● Data below
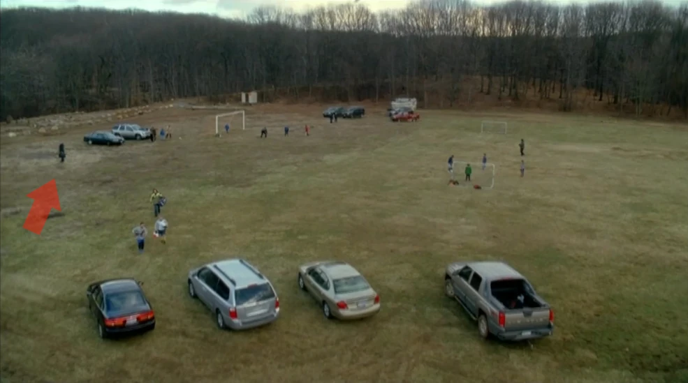 Наблюдатель стоит рядом с футбольным полем, недалеко от которого падает самолёт.
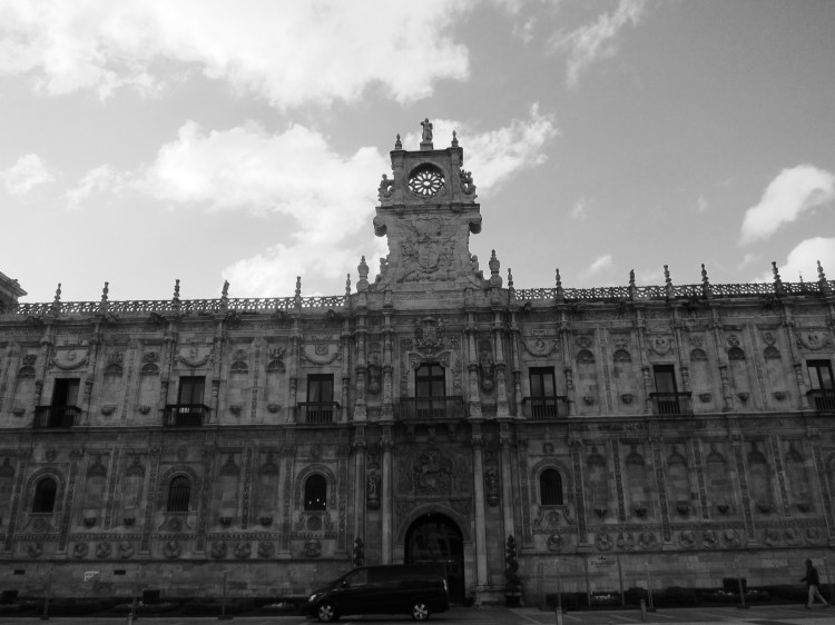 In Leon I caught the last few hours of sunlight and found my hotel, the Parador. Which sits directly on the Camino and is the site of the “fancy” hotel from the movie The Way. Though their rooms were decidedly nicer, mine is pretty cute. Plus the building itself is pretty impressive.
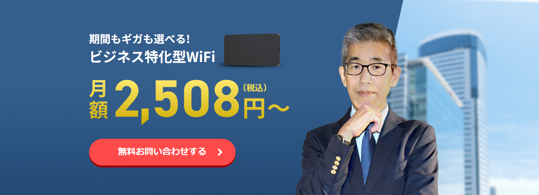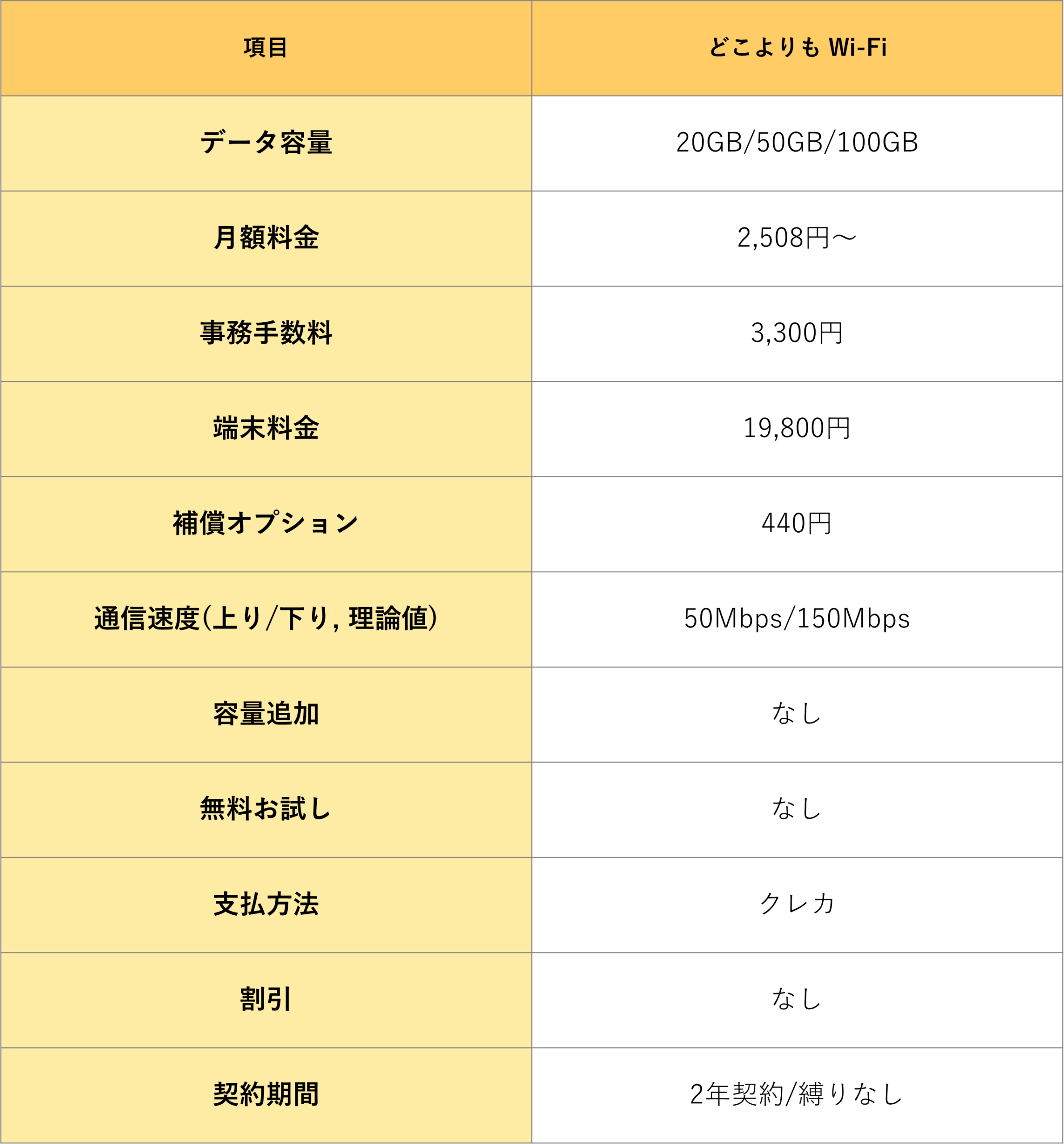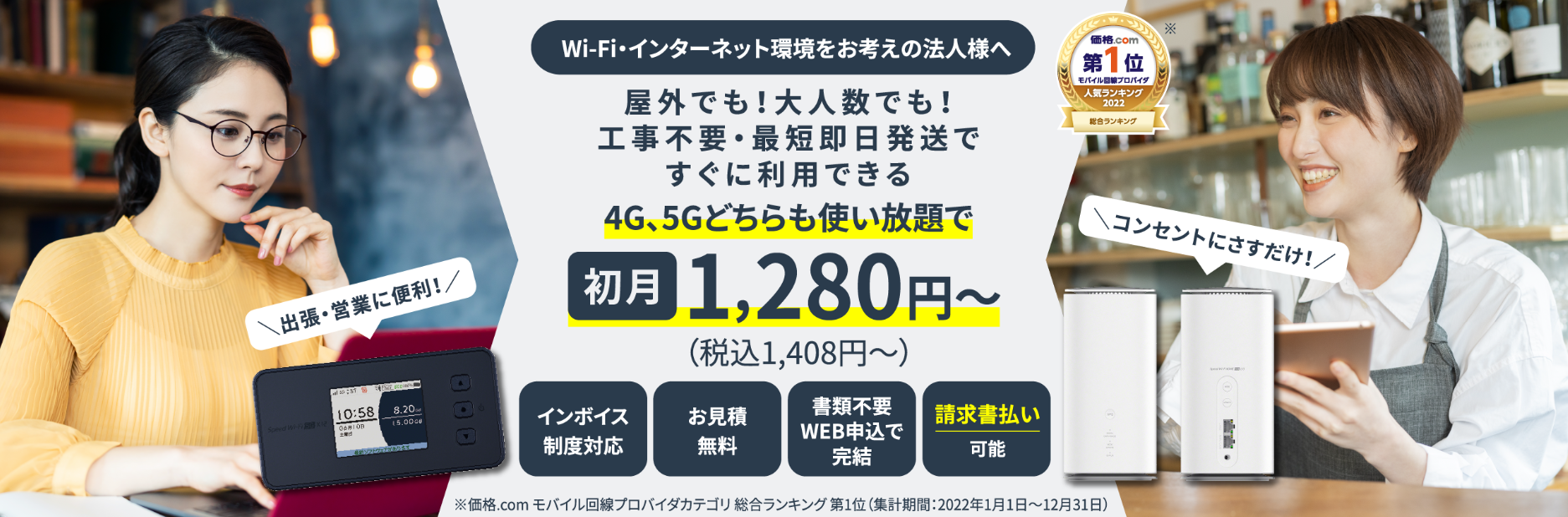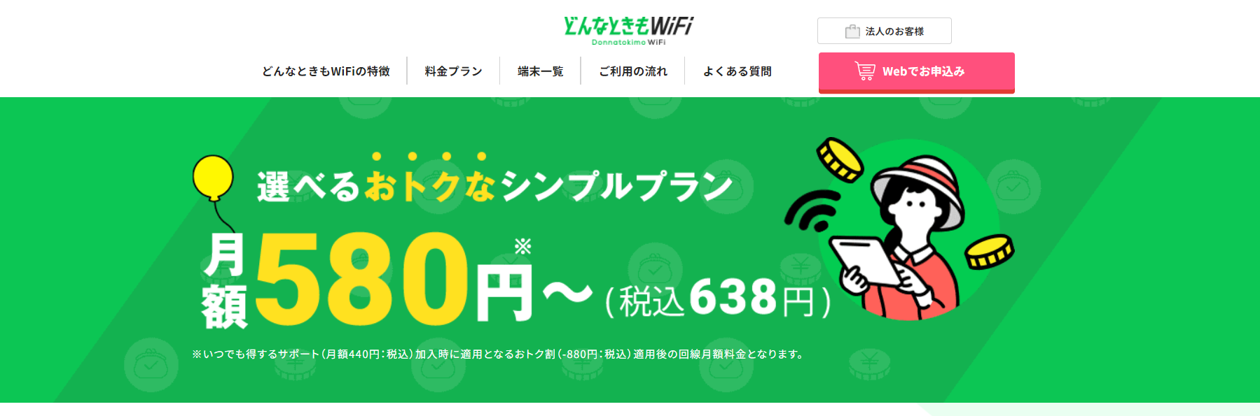 特徴:「どこよりもWi-Fi」は。月額2,508円から利用可能な法人向けポケット型Wi-Fiサービスです。

● Task item
Every line above gets copied exactly; none of the pictures do.

● Result for this task
 Наблюдатель стоит рядом с футбольным полем, недалеко от которого падает самолёт.
 In Leon I caught the last few hours of sunlight and found my hotel, the Parador. Which sits directly on the Camino and is the site of the “fancy” hotel from the movie The Way. Though their rooms were decidedly nicer, mine is pretty cute. Plus the building itself is pretty impressive.
 特徴:「どこよりもWi-Fi」は。月額2,508円から利用可能な法人向けポケット型Wi-Fiサービスです。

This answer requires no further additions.